The woman said to him, “This is the first Pesach without my mom. She passed away in August. I think I am past all the crying, but then out of the blue it hits me.”

She looked down at the box of Jelly-Rings in her hand and continued. “My mom loved these jelly rings and would always eat them at the seder. They’re disgusting! Everyone else hated them, but we always bought them for her. Mom is the only one that ate them. Now I don’t know what to do. I don’t want to buy them, because no one will eat them… but I can’t not buy them, because what is Pesach without them?” But what this woman in the grocery store was really asking was, “What is Pesach without my mom?”
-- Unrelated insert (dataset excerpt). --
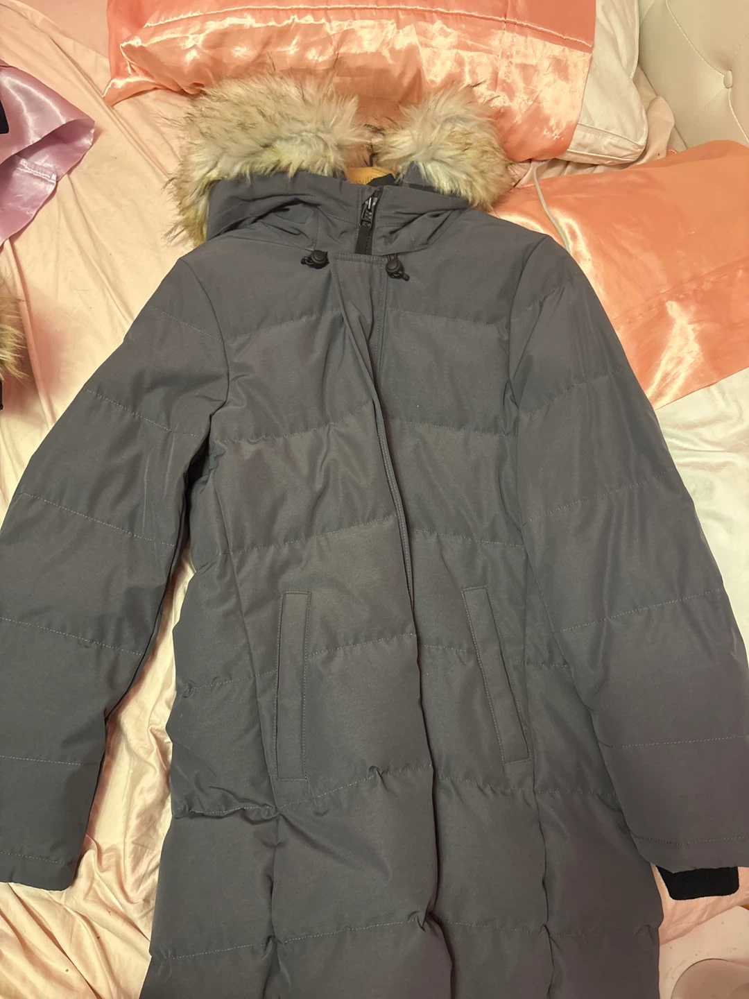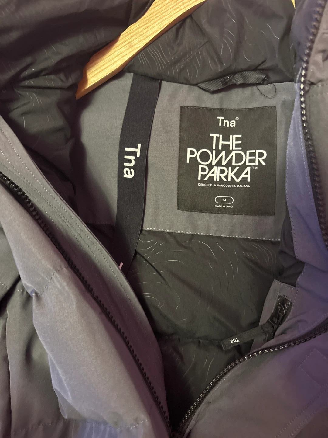 Selling a TNA The Powder Parka in size medium. It's in great condition and ready to keep you warm this winter! The colour is a lovely grey, and it's designed in Vancouver, Canada
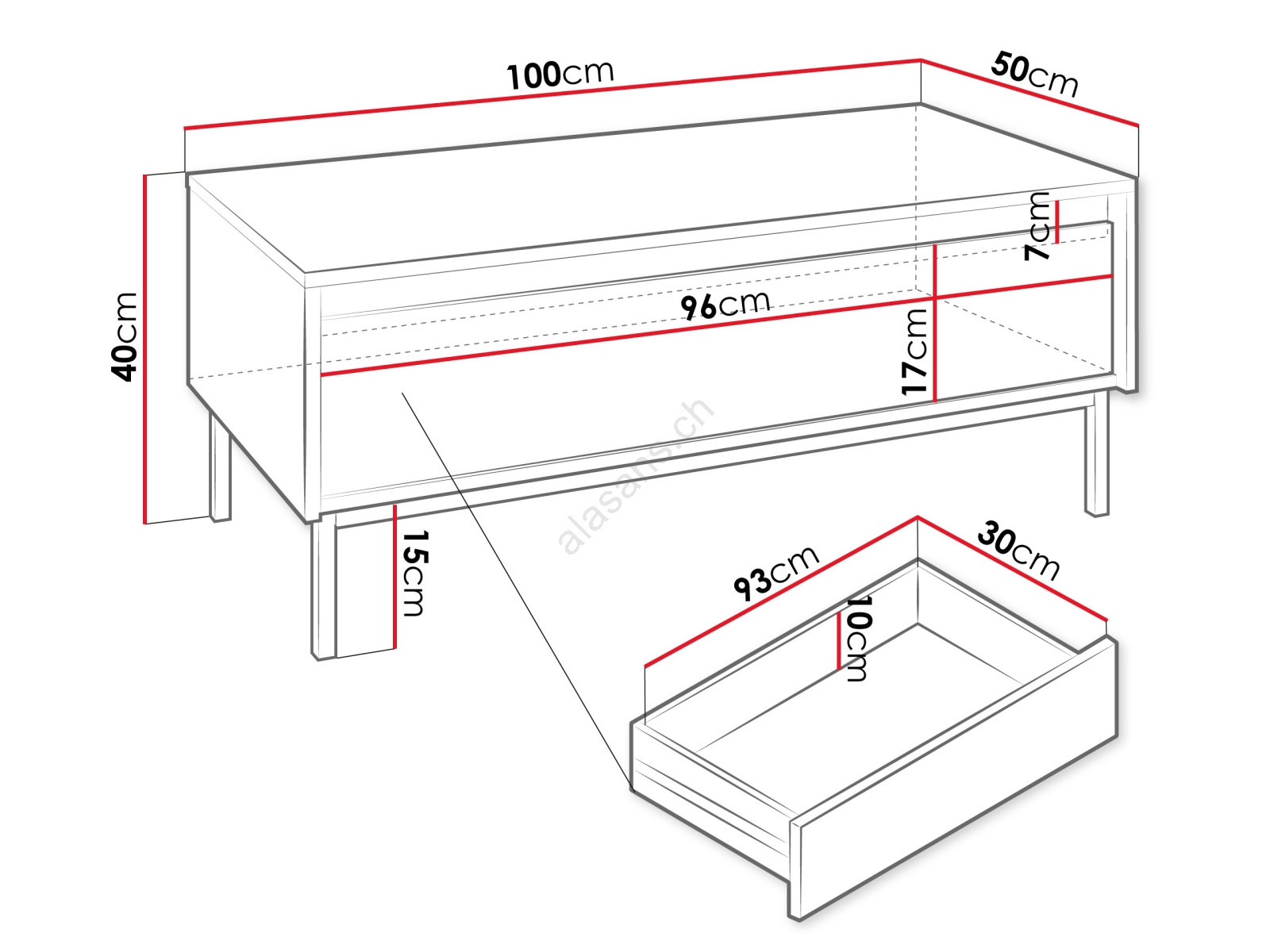 • Table basse avec tiroir pratique pour ranger les objets que vous souhaitez garder à portée de main.

No matter how many loved ones come to our seder, there is always someone missing. There is always some feeling of emptiness alongside the chaotic joy of Passover. Because there is always someone we wish were still alive to join us on this holiday.

My colleague wondered, as he shared this story, whether the loved ones of our past visit us on seder like Elijah does. Perhaps they do.

What we know for sure is that the memories of our loved ones visit us on Pesach. These memories are triggered by small things, like a box of Jelly rings, or a stained recipe card, or the singing of mah nishtanah by a little girl who will not know her grandfather. Not everyone has Passover memories of those who we will be recalling during Yizkor today. But for those who do, these holiday memory-triggers keep us close to those we dared to love.

This year, inspired by Dan Robbins and by jelly rings, I invite you to use the liturgy of Yizkor to paint mental images and memories of your loved ones who have died.

Justus Baird

Senior Vice President for National Programs at the Shalom Hartman Institute of North America.